Starting at the first line of the data, please print exactly those lines through the one that holds "Imagem n° 2", omitting every picture.

[Start of section]

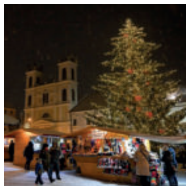
Vianočné trhy v Banskej Bystrici.
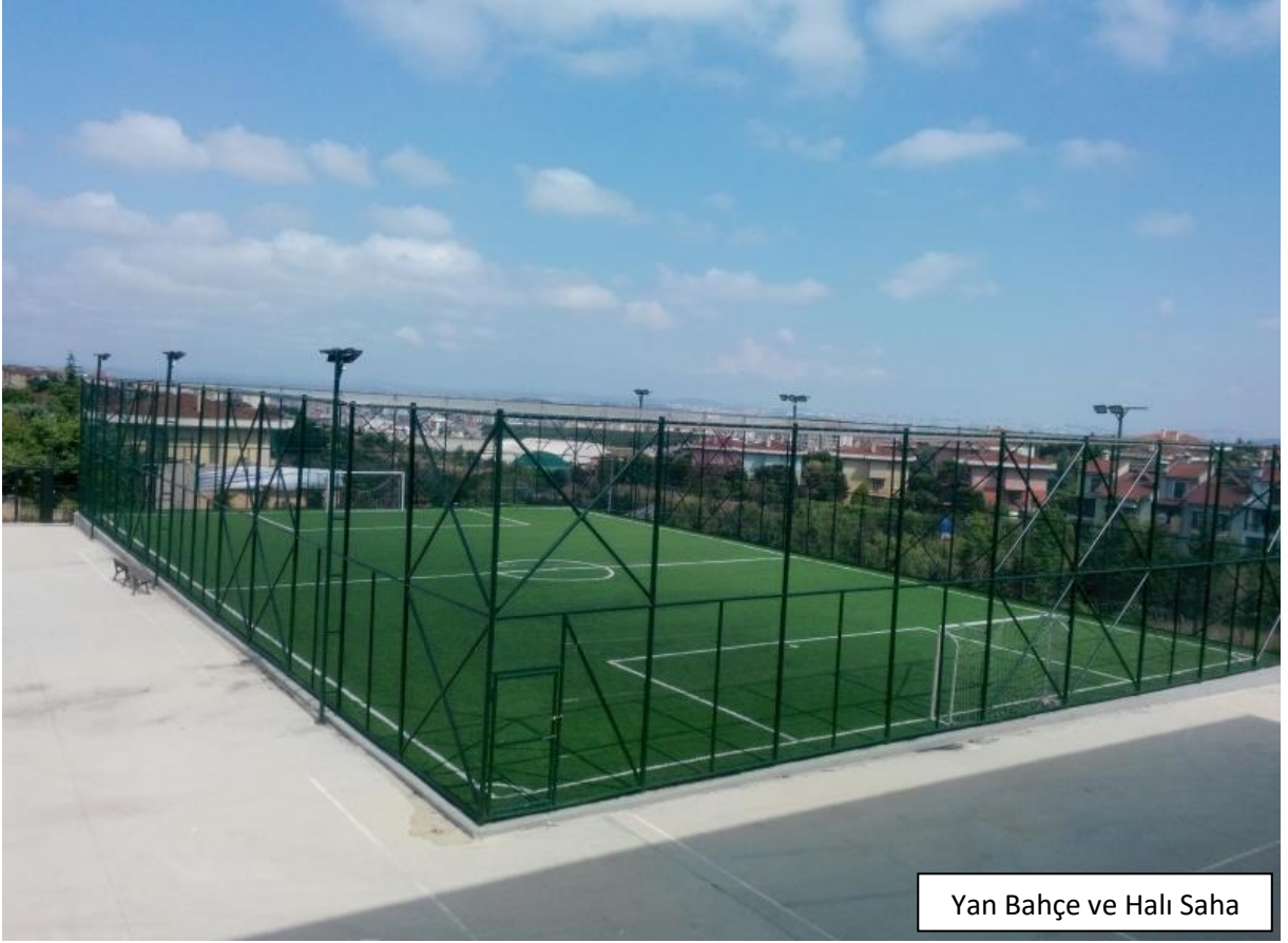
Yan Bahçe ve Halı Saha
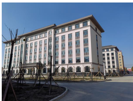
宿舍楼 2 栋(男生宿舍+女生宿舍)
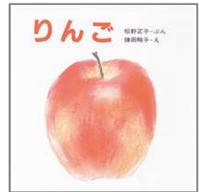
りんご 松野 正子/文 鎌田 暢子/絵 童心社
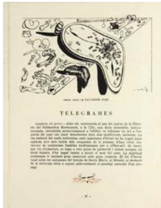
Imagem n° 2 – Desenho de Salvador Dali na revista Dau al Set (dezembro de 1948)

No caso da revista catalã, esse modo de sair pela tangente significava, em certa medida, retomar o projeto vanguardista de Picasso, Dalí e Miró, como aponta Lourdes Cirlot 11 , sendo que os dois últimos estarão efetivamente presentes nas páginas da revista. Com relação a Dalí, na edição de dezembro de 1948, aparece um desenho inédito do pintor encabeçando os «Telegrames» de J. V. Foix.

[End of section]

*Your response*.
Vianočné trhy v Banskej Bystrici.
Yan Bahçe ve Halı Saha
宿舍楼 2 栋(男生宿舍+女生宿舍)
りんご 松野 正子/文 鎌田 暢子/絵 童心社
Imagem n° 2 – Desenho de Salvador Dali na revista Dau al Set (dezembro de 1948)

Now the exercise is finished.